If you’ve sat by the window on a plane, you must have noticed that little hole in the lower portion of window. There is a hole in the window? Yes, there actually is. And sometimes you might even notice the snowflake of frost forming near it. This tiny hole is called a breather hole or a bleed hole, and it serves an important safety function. If you look closely, you’ll see that the passenger window has three panes, typically made of acrylic materials. The purpose of the innermost pane, which you can see forehead smudges on, is called the scratch pane and is merely to protect the next pane. But the middle pane with the breather hole in it and the outer pane are more important.
As an aircraft climbs, the air pressure drops in both the cabin and the outside air where the pressure inside the aircraft during flight is typically much greater than the pressure outside. The outer two cabin windows are designed to contain this difference in pressure between the cabin and the sky. Both the middle and the outer panes are strong enough to withstand the difference on their own, but under normal circumstances it’s the outer pane that bears this pressure—thanks to the breather hole.
According to Marlowe Moncur, director of technology for GKN Aerospace, “[T]he purpose of the small bleed hole in the [middle] pane is to allow pressure to equilibrate between the passenger cabin and the air gap between the panes, so that the cabin pressure during flight is applied to only the outer pane.”
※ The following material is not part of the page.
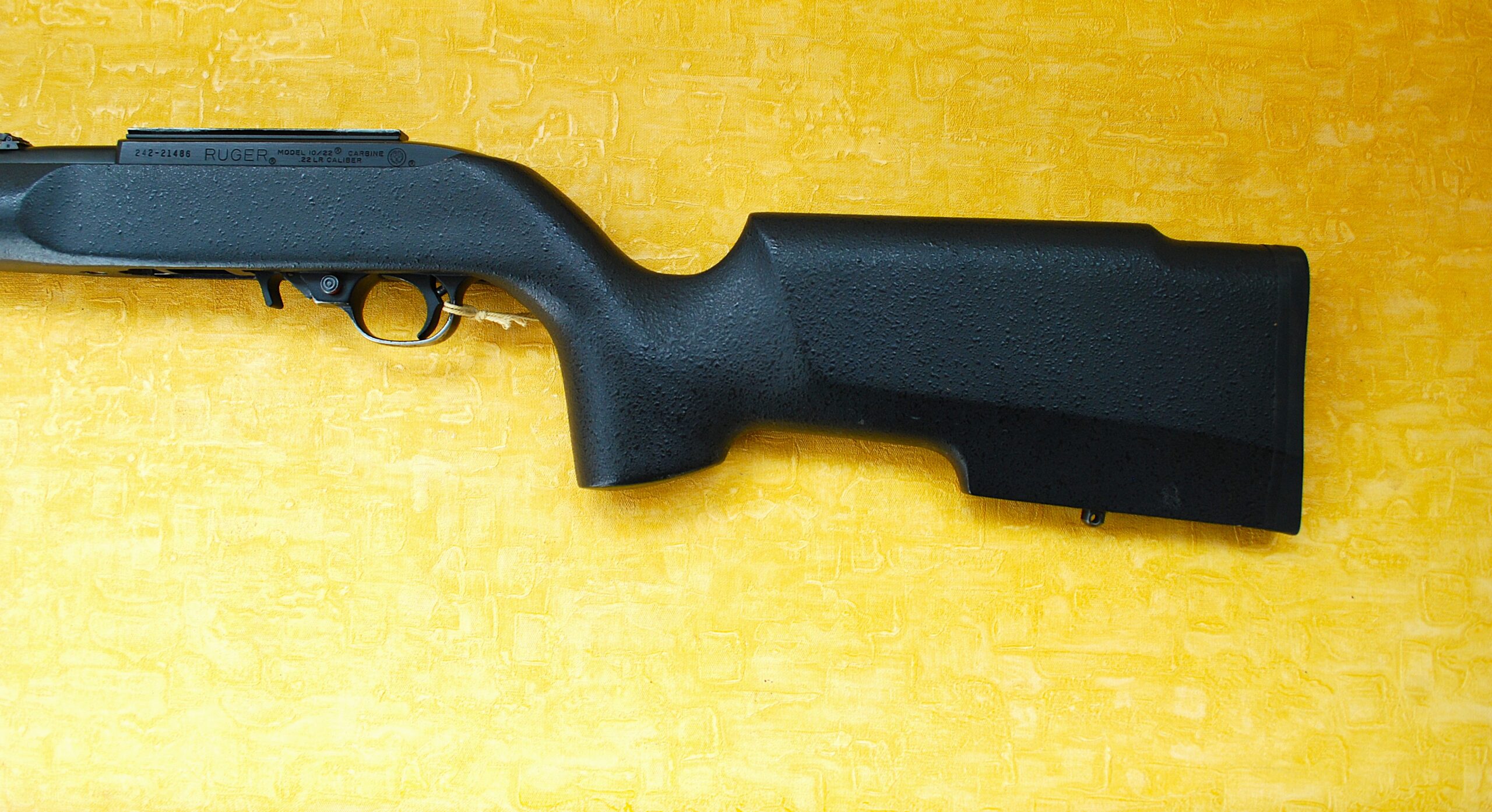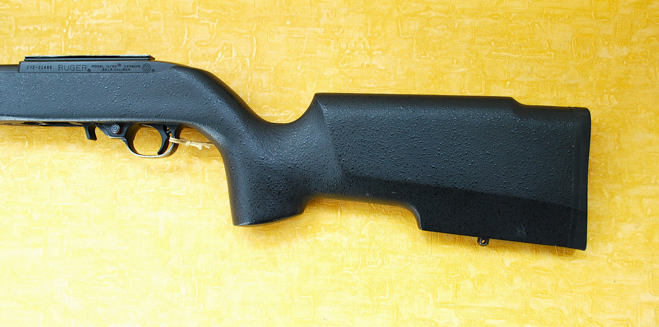 Currently fitted to a Boyd After-Market Up-Grade Stock. The Boyd 1022-PV-BT. As in Ruger 10-22 Pro-Varmint Beaver Tail. Fully Ambidextrous format, Black Fleck Textured Finish with DOUBLE Stud fitted Beavertail For-end. Offering separate / independent fitting points for a sling PLUS Bi-Pod. (More than enough of those available too)! Back / Direct on the Manufacturers website these are listed at $189. Given ANYTHING from the US is usually at least DOUBLE and in UK £ Sterling by the time it gets here. At this price the rifle is basically for just about nothing. (If the stock was brand new too).

In the extraordinarily unlikely event that the outer pane fails, the middle pane takes over. Although there would be a small leak of air through the breather hole—it’s nothing the aircraft’s pressurisation system couldn’t easily cope with.
Another separate but related function of the hole is to release moisture from the air gap and stop (most) fog or frost from forming on the window. So when you’re looking out at the clouds and admiring the land below you, take a moment to give thanks for the breather hole.